De La Salle College Junior School is currently involved on a fifth Erasmusplus project together with partners from the Czech Republic, Finland, Bulgaria, Latvia and Portugal.

The new two-year project, called ‘It’s Time To Care’ (ITTC) aims to continue to deepen and extend the outputs and results of a previous successful international project on an environmental theme called ‘It’s Time to Help’ (ITTH).

The ITTC is dealing with problems related to water, energy, school environment, biodiversity, waste and eco-consumers, defined as key challenges in the former project. The aim is to concentrate on deeper analyses of the respective topics and bring forth new ideas and solutions.
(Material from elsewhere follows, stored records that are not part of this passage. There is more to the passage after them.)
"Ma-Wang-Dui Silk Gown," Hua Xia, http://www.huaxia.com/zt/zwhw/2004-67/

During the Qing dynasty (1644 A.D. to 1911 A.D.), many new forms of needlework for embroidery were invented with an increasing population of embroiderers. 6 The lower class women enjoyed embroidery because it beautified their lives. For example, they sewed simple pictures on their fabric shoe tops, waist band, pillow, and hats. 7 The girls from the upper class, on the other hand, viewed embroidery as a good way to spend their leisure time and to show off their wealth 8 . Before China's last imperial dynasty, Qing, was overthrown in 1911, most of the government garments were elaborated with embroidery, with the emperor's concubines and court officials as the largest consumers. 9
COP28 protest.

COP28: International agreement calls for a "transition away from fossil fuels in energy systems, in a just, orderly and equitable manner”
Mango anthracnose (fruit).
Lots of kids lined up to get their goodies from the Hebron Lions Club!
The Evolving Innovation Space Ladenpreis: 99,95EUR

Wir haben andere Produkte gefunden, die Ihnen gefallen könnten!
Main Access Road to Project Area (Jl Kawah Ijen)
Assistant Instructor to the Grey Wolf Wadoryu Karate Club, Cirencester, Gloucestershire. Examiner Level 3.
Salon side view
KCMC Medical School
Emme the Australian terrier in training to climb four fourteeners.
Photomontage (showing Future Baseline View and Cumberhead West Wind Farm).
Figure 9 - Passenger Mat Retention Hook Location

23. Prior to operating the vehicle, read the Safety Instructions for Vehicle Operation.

The topics are:

• Sustainable use of water – availability of drinking water, its quantity and quality, life in water;

• Sustainable energy – approach to affordably priced, secure, sustainable and modern power sources;

• Sustainable towns – availability of quality and safe living and of essential services;

• Sustainable society – responsible consumption and production, industry, innovation and infrastructure;

• Climate change – combating and adapting to changes in the climate;

• Sustainable use of land – life on land, land management and biodiversity decrease.

These topics are of interest not only for students and teachers but also the public, specialists in various fields, science centres, enterprises, companies and leisure centres with whom the partners are seeking to exchange experience and ideas to learn about other countries and lifestyles.

During the ITTC project 20 students will be visiting the partner countries to discuss different aspects of sustainability and share successful projects run in the various schools. An integral part of the project will be teachers’ training to develop their personal and professional competences, such as in constructivist teaching methods, collaborative teaching and learning or methods of leading students to develop a conceptual framework and problem-solving skills.

The project will use the Science, Technology, Engineering, Art, Maths (STEAM) concept for research education with the prospect to interconnect other school subjects such as ICT, geography, languages and history. By combining work on science experiments with the foreign language learning, it is hoped the project will also improve the participating students’ communicative competences and contribute to further their career orientation and help them decide on their possible further study in technical fields.

The partners’ aim is to help each other to intertwine formal and informal education, increase students’ and teachers’ motivation to further their studies and compare their moves, exchange methodology  of science and language teaching, share their work with it and how it influences students’ occupational choice.

The ITTC project will use the seven-step methodology of the Eco School programme – analyse, plan, monitor, evaluate, inform, involve and disseminate – in line with the European 2030 Agenda for Sustainable Development Goals (SDGs). The partners are from different parts of Europe so they will have different experiences, possibilities and opportunities on how to elaborate the SDGs further in education.